**STORED DATA**

◇ ◇ ◇ ◇

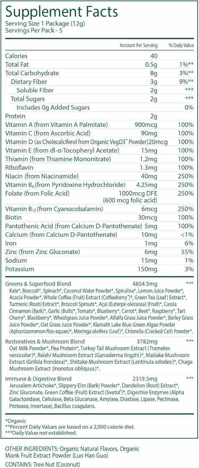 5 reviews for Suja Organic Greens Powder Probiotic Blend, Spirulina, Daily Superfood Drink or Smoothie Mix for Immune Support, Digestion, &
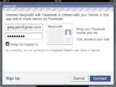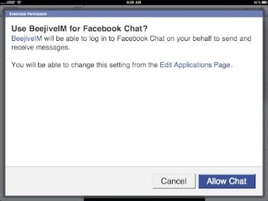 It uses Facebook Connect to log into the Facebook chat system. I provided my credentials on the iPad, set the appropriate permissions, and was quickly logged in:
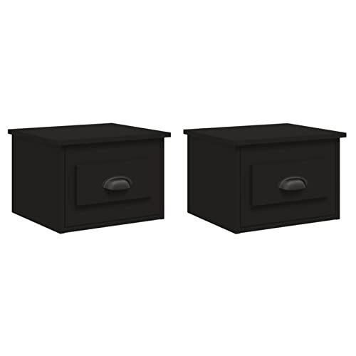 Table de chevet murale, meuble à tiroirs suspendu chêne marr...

◇ ◇ ◇ ◇

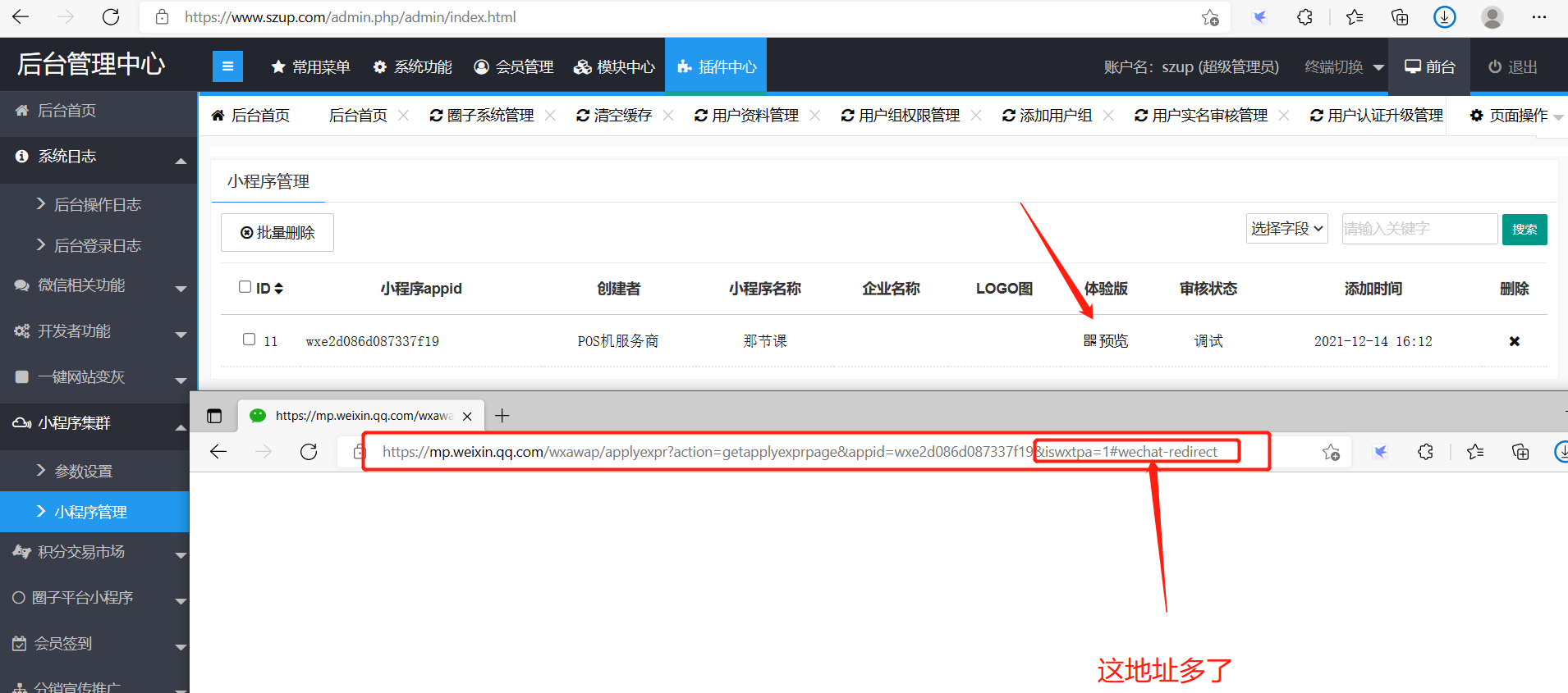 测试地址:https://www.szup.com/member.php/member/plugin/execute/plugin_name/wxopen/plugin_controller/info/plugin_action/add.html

◇ ◇ ◇ ◇

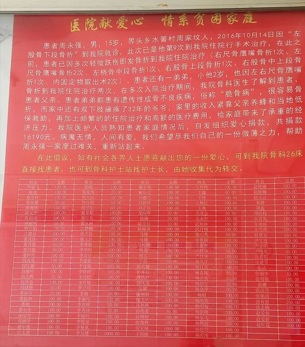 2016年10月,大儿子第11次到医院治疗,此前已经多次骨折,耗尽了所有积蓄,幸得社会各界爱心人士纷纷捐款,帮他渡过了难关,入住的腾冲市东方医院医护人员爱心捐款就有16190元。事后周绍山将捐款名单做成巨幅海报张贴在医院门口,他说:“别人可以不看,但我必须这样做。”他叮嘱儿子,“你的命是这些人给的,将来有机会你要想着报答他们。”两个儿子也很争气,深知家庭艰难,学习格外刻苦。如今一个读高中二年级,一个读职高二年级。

◇ ◇ ◇ ◇

In the entries above, which lines run from the one with "5 reviews for" up to and including the one with "Table de chevet"? Write them out exactly, without the pictures.

 5 reviews for Suja Organic Greens Powder Probiotic Blend, Spirulina, Daily Superfood Drink or Smoothie Mix for Immune Support, Digestion, &
 It uses Facebook Connect to log into the Facebook chat system. I provided my credentials on the iPad, set the appropriate permissions, and was quickly logged in:
 Table de chevet murale, meuble à tiroirs suspendu chêne marr...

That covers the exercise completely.